When I was 15 years old, I had to complete a week of work experience as part of my school’s ‘student enrichment’ programme.
Initially, the prospect of doing work experience excited me.
I was eager to temporarily escape the classroom and enter into professional environment for the first time.
I envisioned myself working for the local news station or a cool hipster tech company where employees sat in bean bags instead of desk chairs.
However, my enthusiasm reduced significantly when I was placed at my local Garden Centre.
My supervisor at the Garden Centre was a guy called Alan who was relatively new to the world of work himself.
Alan was seventeen years old, had zero managerial experience and had absolutely no idea what to do with me.
After giving me some brief instructions, he handed me a t-shirt with the words ‘You Plant A Question, We’ll Grow You An Answer’ printed on the back and then made himself scarce.
I went to the bathroom, changed into the shirt and walked back out onto the shop floor.

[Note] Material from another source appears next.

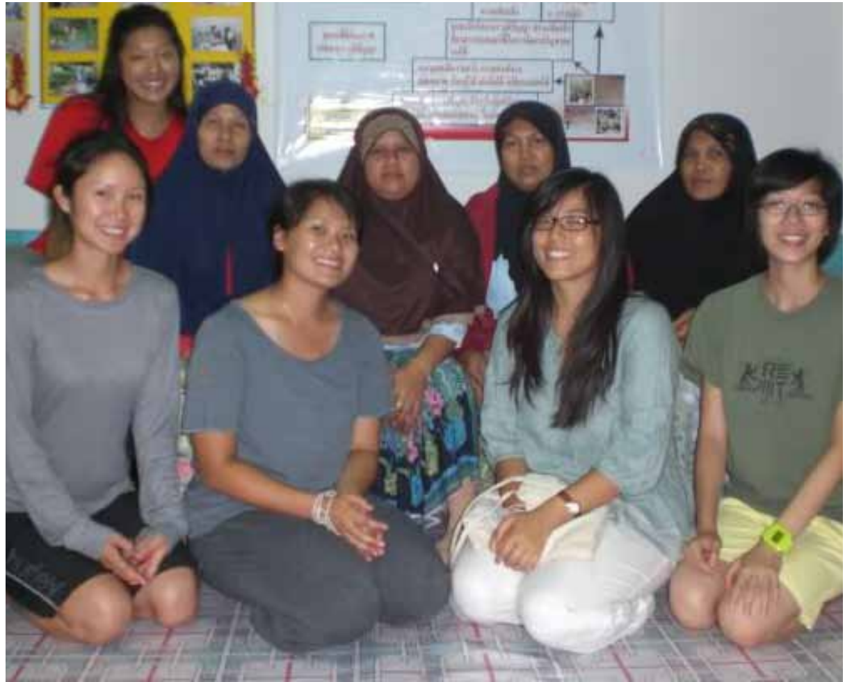
KAMPHUAN TIE-DYE GROUP DIALOG

W.I.L.L. is fundamentally about willpower—a capacity held by all individuals, regardless of ethnicity, history, age, or gender, which can be strengthened by community and institutional support. Development requires not only collaboration, but also care and personal connection among all those involved: government institutions, the international community, the marketplace, and most importantly, local communities themselves. Ultimately, W.I.L.L. is not only a network for selling and distributing unique handicrafts, but moreover, an awareness-raising project that will strengthen community-based women’s participatory development. W.I.L.L. plans to offer the Kamphuan women’s customized products to UCLA through Net Impact Undergrad, a student organization that supports social entrepreneurship. All proceeds go directly to these artisans. For more information contact us at “Women’s Initiative”(locallivelihoods@gmail.com).

Before long, customers that had previously been ignoring me started approaching me and asking me questions, clearly assuming that I was now a font of horticultural knowledge.
This wouldn’t have been so bad if I’d known a single thing about plants.
However, the sum total of my gardening knowledge came from an episode of The Teletubbies I’d seen as a kid where I’d watched a man tend to his allotment through the telly in LaLa’s stomach.
As a result, I was completely unprepared to answer any of the customer’s questions.
For the first three days of my work experience, I stood awkwardly on the shop floor, dishing out dubious horticultural advice to a series of confused and dissatisfied customers.
Eventually, on Thursday, one of the managers on shift took pity on me and took me off the shop floor.
She handed me a batch of Yankee Candles that had just been delivered and asked me to arrange them into a display.
After three days of talking to customers, I relished the opportunity to do something vaguely creative so I sat happily in my own little world, experimenting with different colour arrangements and taking the lids off the candles to smell the different scents inside.
However, after a couple of hours, I was approached by an old lady who had been browsing nearby. I braced myself, expecting her to ask me a question that I didn’t know the answer to.
I was relieved, therefore, when she asked me to help her retrieve a trowel from a high shelf. Finally, I thought. A task that is within my capabilities. I can actually be useful and help this old lady fulfill her trowel-based needs.
I picked up a step-ladder and placed it next to the shelf. However, as I climbed up the ladder, I suddenly felt a bit lightheaded.
All the candle sniffing had obviously gone to my head and I swayed slightly, causing the ladder to rock dangerously.
I waved my arms about, desperately attempting to restore my balance, but to no avail.
As a result, I tipped backwards and fell directly onto a nearby cactus.
To cut a long story short, I essentially flattened a cactus with my arse.
Just in case you have never fallen off a ladder onto a cactus before, let me tell you, it is a pretty painful experience.
After I had gotten over the initial shock of the impact, I tentatively raised myself to my feet and, for a few moments, stared blankly at the plant that I had obliterated with my butt cheeks.
I wasn’t sure what to do about the state of the cactus or, for that matter, my arse.
I remembered the adverts that I’d seen on TV offering compensation for people who had had an accident at work but I’d never seen one featuring someone falling onto a cactus. I wasn’t sure if it even counted as an ‘accident at work’ but I reckoned it would be worth looking into.
At the very least, I thought I should probably report the incident to my supervisor so I handed the trowel to the old lady and went looking for Alan.
When I found him, I was still slightly traumatised by the incident. My brain wasn’t functioning properly and I couldn’t think clearly about what I was saying.
As a result, I ran up to him and the words, ‘Alan, I’ve got some pricks in my bum!’ just fell out of my mouth.
Alan was, understandably, quite taken back.
Alan gasped and looked quite worried.
I was initially quite touched by this. I thought that maybe I had underestimated him as a manager. It seemed that he really cared about my wellbeing after all…
Despite my unfortunate encounter with the cactus (RIP), I managed to get through the rest of my work experience unscathed.
The following week, me and the rest of my year group returned to school where we were asked to write a reflection about our experience in the world of work.
Needless to say, mine turned out a bit different to most other peoples’.